» Problem description: After locating the line that bears "Щелевое крыло было", restate word for word that line and the rest of the listing to its final line, excluding all pictures.

» Collected data:
################
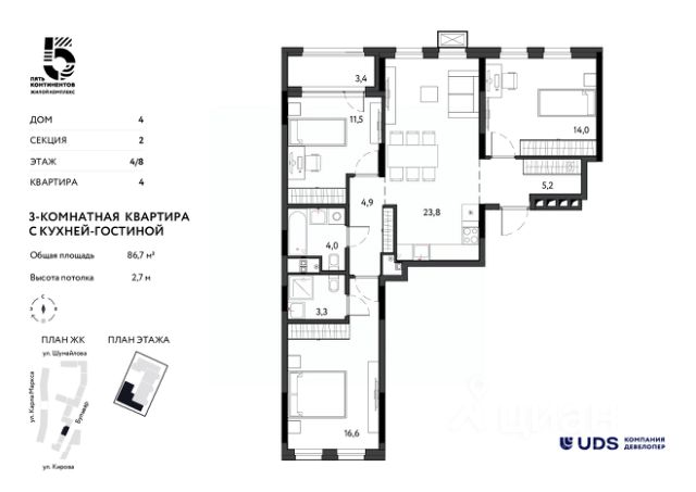 Бизнес-класс на ул. Кирова. Воплощайте мечты о доме в бульварном квартале "Пять континентов". Здесь вы сможете жить в центре Ижевска в эстетичном современном пространстве. Дома комплекса спроектированы по европейским тенденциям международным архитектурным бюро MLA+. Здесь общественные городские и частные зоны разделены не привычными заборами, а гармонично соседствуют друг с другом. Вдоль домов "Пяти континентов" пройдет городской пешеходный бульвар и станет новым маршрутом прогулок и отдыха. Бульвар начнется со сквера на пересечении улиц Кирова и Карла Маркса. И уже сейчас часть сквера построена, приходите и оцените вживую. Если вы хотите жить в невысотном доме в спокойной обстановке, то в "Пяти континентах" вам подойдут уютные дома с эркерами и лоджиями высотой всего 6, 7 и 9 этажей. А если нравятся высотные дома, то в "Пяти континентах" вы увидите и высотные секции внутри квартала высотой 12 и 17 этажей. Ездить на автомобиле ежедневно или добираться пешком жителям "Пяти континентах" удобно одинаково. В комплексе есть подземный паркинг, и, в целом, он выгодно расположен на пересечении улиц Кирова и Карла Маркса, рядом с остановкой "Магазин "Океан". В 15 минутах хотьбы - Центральная площадь и набережная. Здания комплекса примыкают друг другу торцами и создают единую архитектурную форму. Дома по обе стороны бульвара задают направление для прогулок, а волнообразный рисунок брусчатки и плавные изгибы делают бульвар похожим на русло реки. Каждый дом комплекса отличается от другого этажностью, формой, цветом, геометрией фасада. • 6-17 этажей высота домов, • Всего 5 квартир на этаже, • На -1 этаже подземный паркинг, • Высота потолка 2,7 м, • Сквозной вход в дом с улицы и со двора, • Огороженный двор без машин. Передача ключей 1 квартал 2028 года. При покупке недвижимости в домах UDS вы получаете в подарок 6 или 12 месяцев дополнительного сервиса отельного уровня. В зависимости от пакета в программу входит: масштабная уборка после ремонта, генеральная и регулярная поддерживающая уборка, химчистка мебели, мойка окон, глажка вещей, личный шеф-повар на праздник. Наслаждайтесь жизнью в новой квартире с первого дня и не думайте о бытовых вопросах.
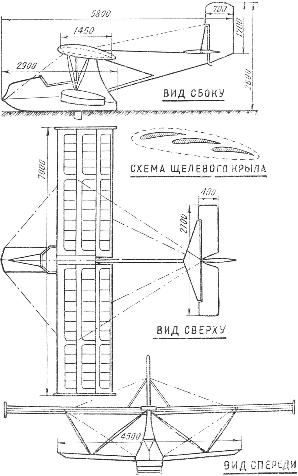 Щелевое крыло было сделано из трёх секций с хордой 300 мм, собранных по однолонжеронной схеме, с заполнением лёгким пенопластом всей передней части от лонжерона до носка. Каждая секция оклеивалась снаружи слоем тонкой стеклоткани на эпоксидной смоле для достижения водонепроницаемости. Между собой секции соединялись усиленными нервюрами, к средней из них крепился металлический башмак верхнего узла подкоса, соединяющего крыло с балкой.
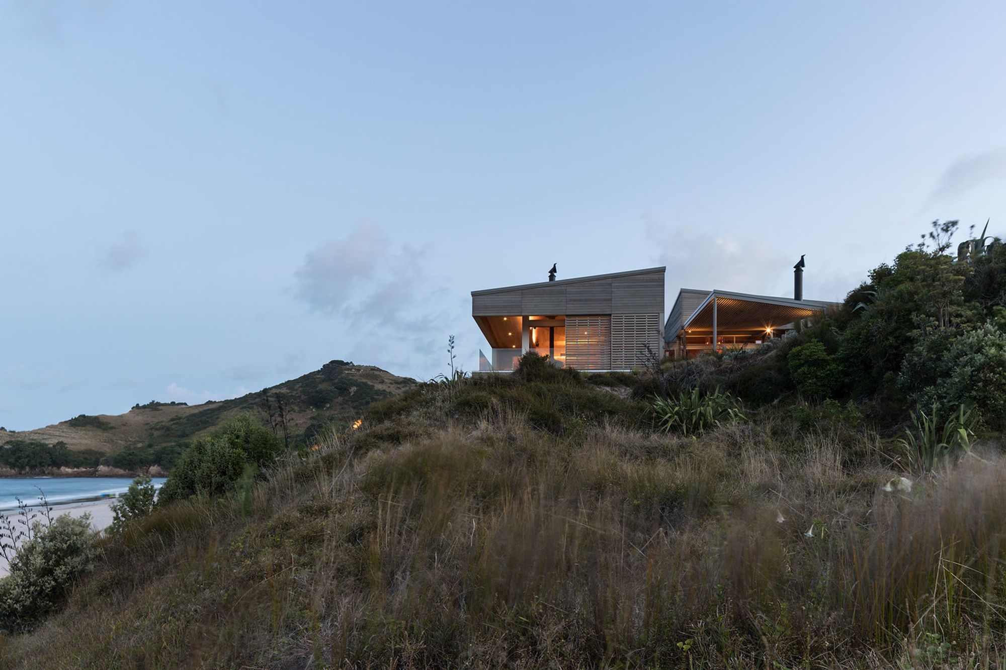 ArchiPro Project Summary - A sculptural retreat in Hahei, harmoniously integrated with its landscape, featuring innovative design elements that enhance views and privacy, utilizing natural materials for a serene escape from urban life.
################
» Solution for this task:
 Щелевое крыло было сделано из трёх секций с хордой 300 мм, собранных по однолонжеронной схеме, с заполнением лёгким пенопластом всей передней части от лонжерона до носка. Каждая секция оклеивалась снаружи слоем тонкой стеклоткани на эпоксидной смоле для достижения водонепроницаемости. Между собой секции соединялись усиленными нервюрами, к средней из них крепился металлический башмак верхнего узла подкоса, соединяющего крыло с балкой.
 ArchiPro Project Summary - A sculptural retreat in Hahei, harmoniously integrated with its landscape, featuring innovative design elements that enhance views and privacy, utilizing natural materials for a serene escape from urban life.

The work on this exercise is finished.